Error analysis in stereo vision for location measurement of 3D point
NASA Astrophysics Data System (ADS)
Li, Yunting; Zhang, Jun; Tian, Jinwen
2015-12-01
Location measurement of 3D point in stereo vision is subjected to different sources of uncertainty that propagate to the final result. For current methods of error analysis, most of them are based on ideal intersection model to calculate the uncertainty region of point location via intersecting two fields of view of pixel that may produce loose bounds. Besides, only a few of sources of error such as pixel error or camera position are taken into account in the process of analysis. In this paper we present a straightforward and available method to estimate the location error that is taken most of source of error into account. We summed up and simplified all the input errors to five parameters by rotation transformation. Then we use the fast algorithm of midpoint method to deduce the mathematical relationships between target point and the parameters.

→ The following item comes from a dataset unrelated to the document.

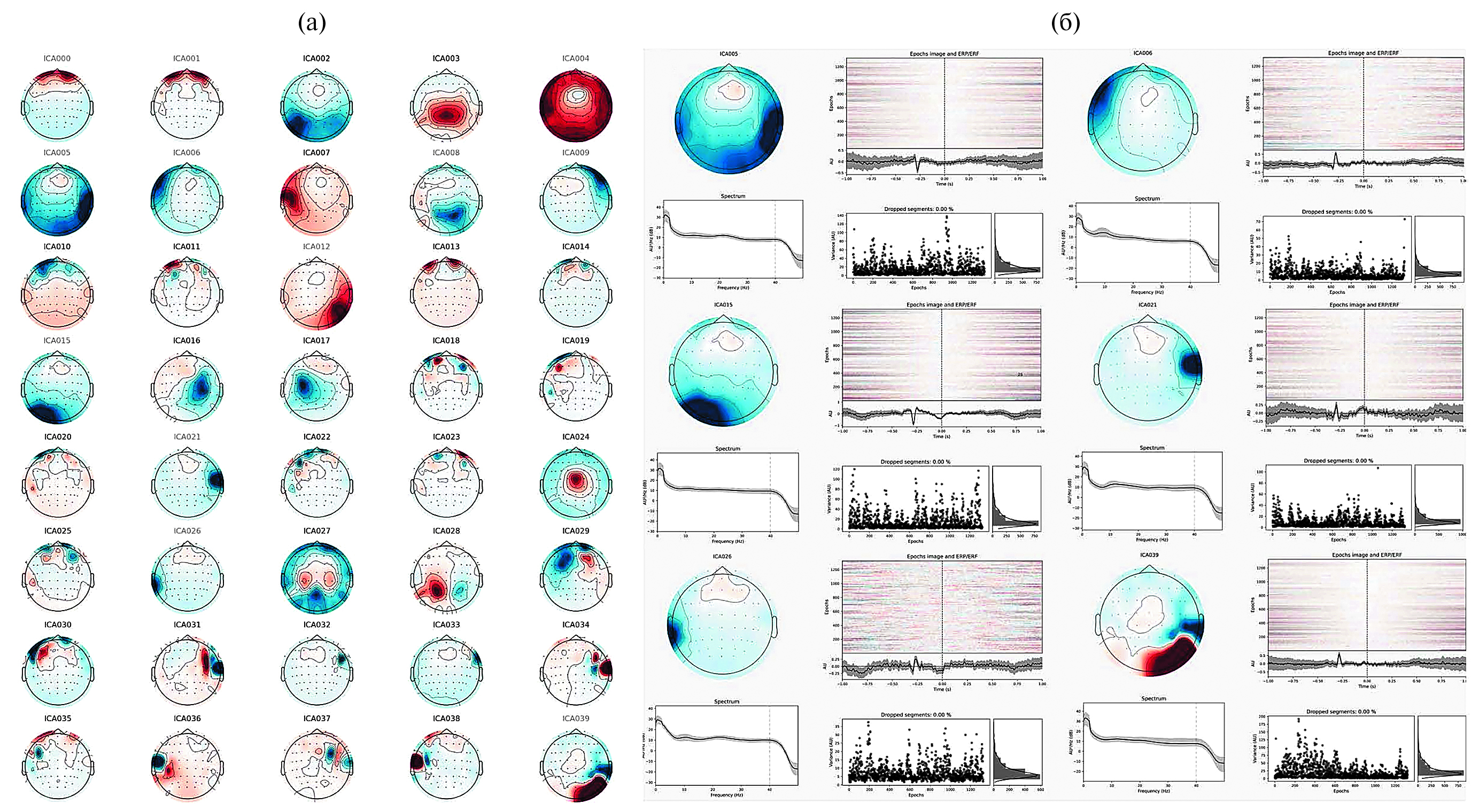 Fig. 4. 40 ICs extracted from encephalogram XX033 (а). ID numbers of ICs with eye movement (0 and 1) and ECG (4, 5, 6, 8, 9, 12, 21, 26, 39) artifacts are grayed out. Topography, averaged epochs, frequency spectrum and signal variability among epochs of ICs with ECG artifacts (б).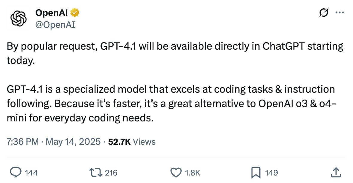 В ChatGPT была добавлена версия GPT-4.1, являющаяся одной из лучших нейросетей OpenAI для написания кода. Ранее она была доступна только в сторонних приложениях.

Thus, the expectations and covariance matrix of 3D point location would be obtained, which can constitute the uncertainty region of point location. Afterwards, we turned back to the error propagation of the primitive input errors in the stereo system and throughout the whole analysis process from primitive input errors to localization error. Our method has the same level of computational complexity as the state-of-the-art method. Finally, extensive experiments are performed to verify the performance of our methods.